Porta il sentiero con te, decía Onorio. Lleva el camino contigo. Desde entonces cargo mi archivo a cuestas, como una maleta sin ruedas.


Nací en el último vagón de un tren llamado
Europa. No es metáfora, es precisión genealógica. Toda mi familia está inscrita en ese vagón que avanzaba de noche, bajo una lluvia de carbón y rezos. El tren arrastraba el continente mientras la memoria se iba disolviendo en medio del humo. En Malincuor esa línea no abre un poema: abre una respiración. No hay viaje, sino exilio. Cada palabra fue un riel, cada libro una estación. Lo que creí herencia se volvió persistencia: la poesía como ruido que se repite para no morir.

El Bora, ese viento al que los croatas temen como a un dios enloquecido, regresaba cada invierno a probar la consistencia de las casas. En Dalmacia se decía que el Bora nacía del resentimiento de las montañas que no pudieron tocar el mar. Baka no hablaba español: su idioma eran los gestos. Pasaba las tardes barajando el Briškan como quien sostiene el destino entre los dedos. No comprendía el idioma, lo representaba a través de sus gestos.  En su quietud aprendí la ética del otro: la presencia que no exige ser comprendida. No lo sabía, pero así empezó mi escritura.
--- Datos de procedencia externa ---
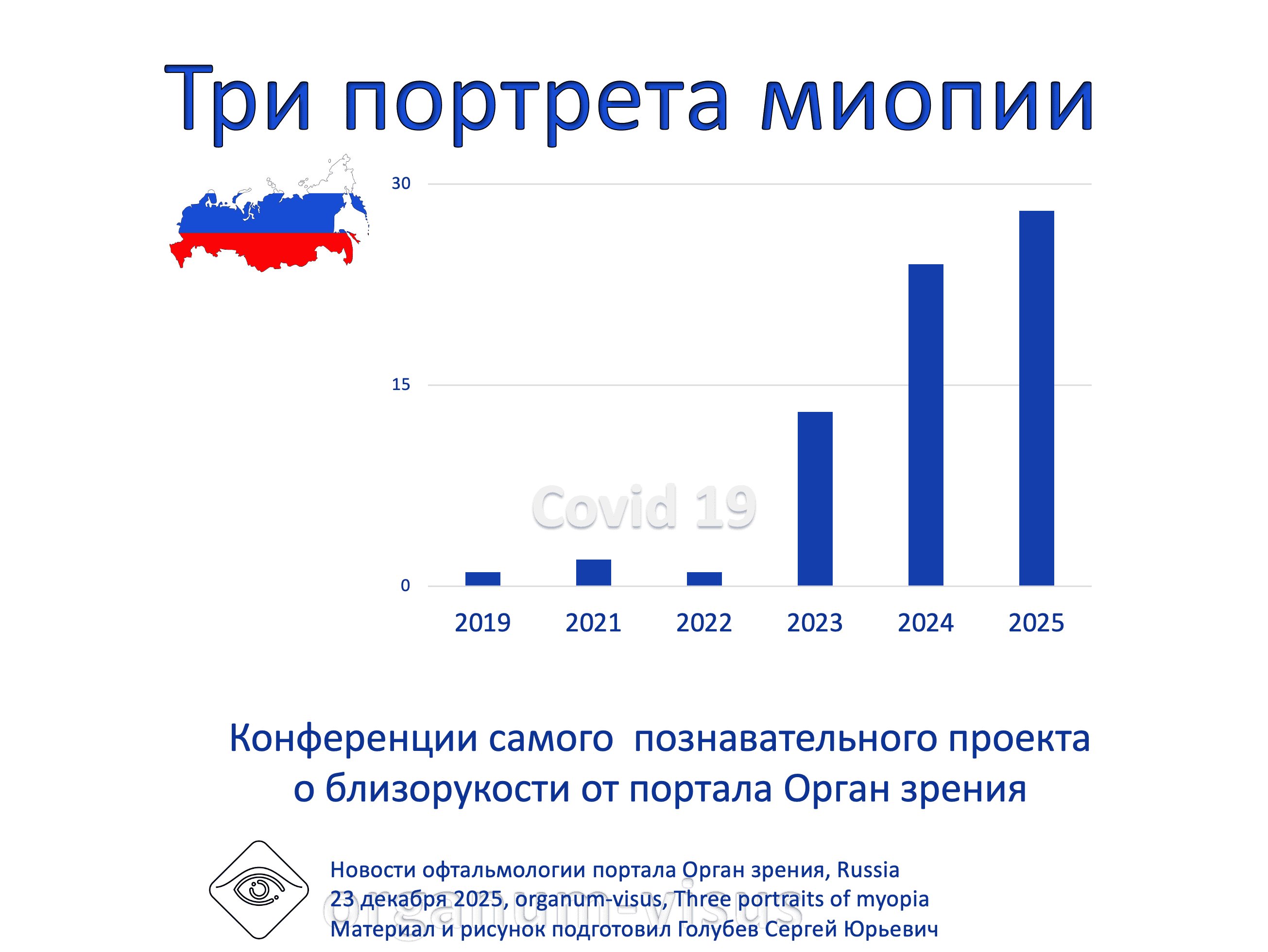 Три портрета миопии. Пятигорск 2025. Познавательный проект портала Орган зрения, Россия, 19 декабря 2025 года. Программа конференции. Three portraits of myopia, Pyatigorsk 2025, Russia. Смотри офтальмологические конференции на organum-visus

Malincuor nació de esa superstición doméstica: el tren, el viento, los nombres impronunciables.


Hoy ya no me interesa si soy italiano, croata o apenas un eco detenido en una estación vacía. El idioma nunca fue patria: fue frontera. Escribo como quien desentierra. Malincuor no es un libro: es un archivo de resurrección. Benjamin dijo que el verdadero historiador “hace saltar la chispa de la esperanza en el instante del peligro”: esa chispa es la sílaba que sobrevive al sentido. 
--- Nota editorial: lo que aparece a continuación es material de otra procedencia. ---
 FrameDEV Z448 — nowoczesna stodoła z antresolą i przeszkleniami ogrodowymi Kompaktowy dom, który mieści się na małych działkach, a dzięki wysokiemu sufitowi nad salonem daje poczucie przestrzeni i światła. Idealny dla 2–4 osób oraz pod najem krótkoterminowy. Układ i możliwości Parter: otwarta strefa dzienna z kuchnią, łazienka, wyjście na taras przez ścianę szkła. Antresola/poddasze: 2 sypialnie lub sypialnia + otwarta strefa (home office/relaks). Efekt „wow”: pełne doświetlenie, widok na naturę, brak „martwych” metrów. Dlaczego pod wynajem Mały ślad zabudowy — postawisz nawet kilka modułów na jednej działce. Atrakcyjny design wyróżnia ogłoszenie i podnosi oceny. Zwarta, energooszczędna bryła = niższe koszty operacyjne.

Lo aprendí de Onorio: el archivo respira a través de quien lo sostiene.

He vivido entre lenguas y culturas como quien habita una frontera interminable donde las palabras se desgastaban como monedas de un imperio en ruinas. En casa, la mezcla era nuestra lingua franca: italiano en la cocina, croata en los insultos, silencio en las sobremesas. Ninguna nación me reconocía, y en esa desposesión encontré a mi verdadera y única patria. El idioma se volvió un pasaporte sin sello: una forma de extranjería perpetua.

Nada muere en Malincuor: sólo cambia de temperatura. No sé si esa línea es mía o del libro, pero me persigue como una advertencia. No hay pureza: sólo transformación. Las manchas son parte del texto; el residuo, su materia. Onorio lo comprendía: el pensamiento debía corromper su propia claridad. Por eso los márgenes de sus libros estaban llenos de tachaduras. Él no corregía: ensayaba la ruina.
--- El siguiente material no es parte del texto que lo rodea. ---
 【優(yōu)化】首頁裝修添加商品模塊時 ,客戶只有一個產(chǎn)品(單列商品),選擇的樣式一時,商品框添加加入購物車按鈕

Cuando escribo, escucho el tren de fondo. Sé que el hierro no se ablanda, que la sintaxis es una disciplina para los supervivientes. Pero hay ternura en la mecánica: el poema como un motor que tartamudea para no extinguirse. Cioran dijo que “todo pensamiento nace del tedio de una certidumbre”; quizá por eso escribo: para conservar el temblor. La lucidez es sólo una forma elegante de cansancio.

Los muertos saben lo que pasará. Nos lo dirán cuando estemos entre ellos y ya no precisemos saberlo. Esa frase no consuela: ordena el miedo. La muerte, en Malincuor, no clausura: ordena. Onorio sigue traduciendo en silencio. Él no está en el archivo: él es el archivo.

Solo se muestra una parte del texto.